Ante mí y pegado a la pared había un tren expreso de carritos de ropa. Los laterales eran de lona amarilla y estaban llenos hasta los topes de sábanas y toallas sucias. Eché a andar con incontenible resolución, mirando al pasar las habitaciones que encontraba. Me detuve en la puerta de la lavandería, una amplia sala llena de lavadoras empotradas, casi todas más altas que yo. Del techo colgaban unas guías móviles y gigantescas bolsas de ropa giraban por el recodo sujetas por ganchos. Percibí el zumbido de gigantescas secadoras en acción. El aire estaba impregnado de olores a algodón húmedo y detergente. Dos mujeres uniformadas trabajaban al alimón con una máquina cuya misión parecía ser planchar y doblar las sábanas del hotel. Los movimientos de las mujeres eran repetitivos, sacando las sábanas cuando la máquina terminaba el doble proceso. La sábana se volvía a doblar y se ponía a un lado, sin que la máquina permitiese ningún margen de error mientras escupía la siguiente sábana doblada.

Seguí andando por el pasillo a menor velocidad. Esta vez pasé ante un estrecho vano con media puerta coronada por un estante que hacía de mostrador. El rótulo de encima del hueco decía Ropa de Empleados. Bien, bien, bien. Me detuve y eché un vistazo a lo que sin duda era la lavandería de los uniformes del personal. Al igual que en los establecimientos de lavado en seco, había cientos de uniformes de algodón idénticos, lavados, planchados y colgados de un riel mecánico, en espera de que el personal los retirase. Me asomé por el hueco y escruté el denso bosque de bolsas de ropa. No parecía haber nadie a cargo de aquello.

– ¿Hola?

No hubo respuesta.

Así el tirador, abrí la media puerta y entré. Estudié los uniformes en rápida sucesión. Todos parecían consistir en una falda corta de algodón rojo y una bata roja. Imposible adivinar de qué tamaño eran. Un papel enganchado a cada colgador informaba del nombre de pila de la usuaria: Lucy, Guadalupe, Historia, Juanita, Lateesha, Mary, Gloria, Nettie. Nombres y más nombres. Elegí tres al azar y salí al pasillo, cerrando a mis espaldas.

– ¿Busca algo?

Di un respingo, a punto ya de darme de manos a boca con la gorda de uniforme rojo que estaba en el pasillo, delante mismo de la puerta. La mente se me puso en blanco.
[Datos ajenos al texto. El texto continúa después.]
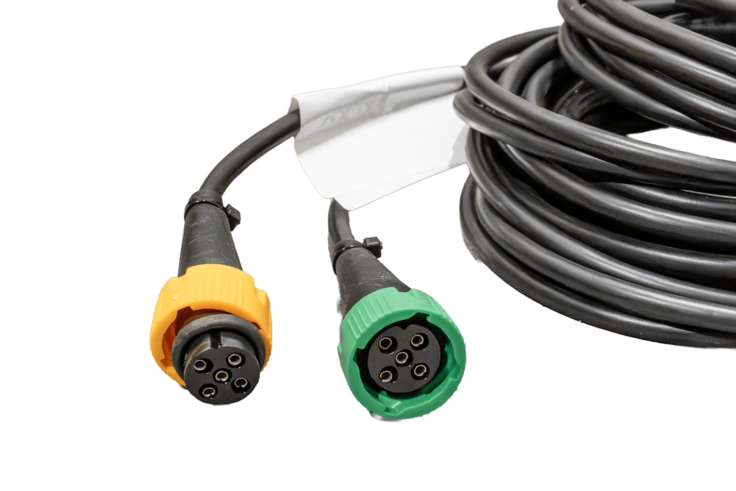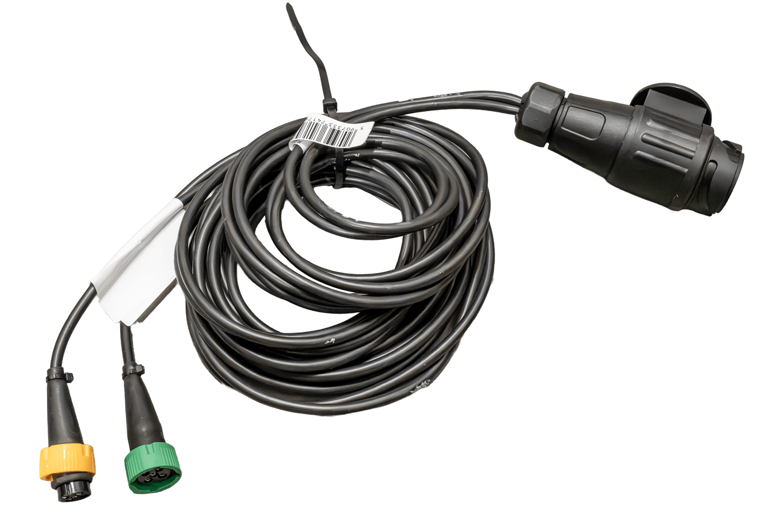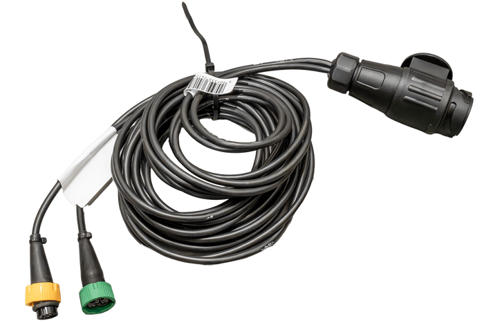 De kabelboom is voorzien van twee 5-pins bajonetconnectoren voor het aansluiten van de achterlichten. Het bajonetsysteem zorgt voor een snelle en veilige installatie, waardoor het risico op onbedoelde loskoppeling tijdens het rijden wordt geëlimineerd. Het ontwerp van de connector garandeert een waterdichte verbinding en beschermt de contacten tegen corrosie, wat een langdurige en probleemloze werking van het gehele verlichtingssysteem van de trailer garandeert.

Las aletas de su nariz palpitaron como si percibieran los falsos testimonios.

– ¿Qué hace con esos uniformes? -añadió. Tenía las fosas nasales por encima de mi frente y lo que veía no era un bonito espectáculo. Su marbete decía que era Spitz, Encargada de Lavandería.

– Ah, buena pregunta, señora Spitz. Precisamente andaba buscándola. Soy ayudante de Jillian Brace, de Ventas y Comerciales. -Con la mano libre saqué una tarjeta y se la puse delante.

Me la arrebató y la observó con el entrecejo fruncido.

– Aquí dice Burnham J. Pauley. ¿Se puede saber qué está pasando? -Tenía la cara grande y cada rasgo parecía vibrar de sospecha.

– Bueno -dije-, la madre que… Me alegro de que lo haya preguntado. Porque…, en realidad, la empresa está pensando implantar otros uniformes. Por motivos de seguridad. Y el señor Pauley ha dicho a la señorita Brace que le enseñe una muestra de lo que tenemos actualmente.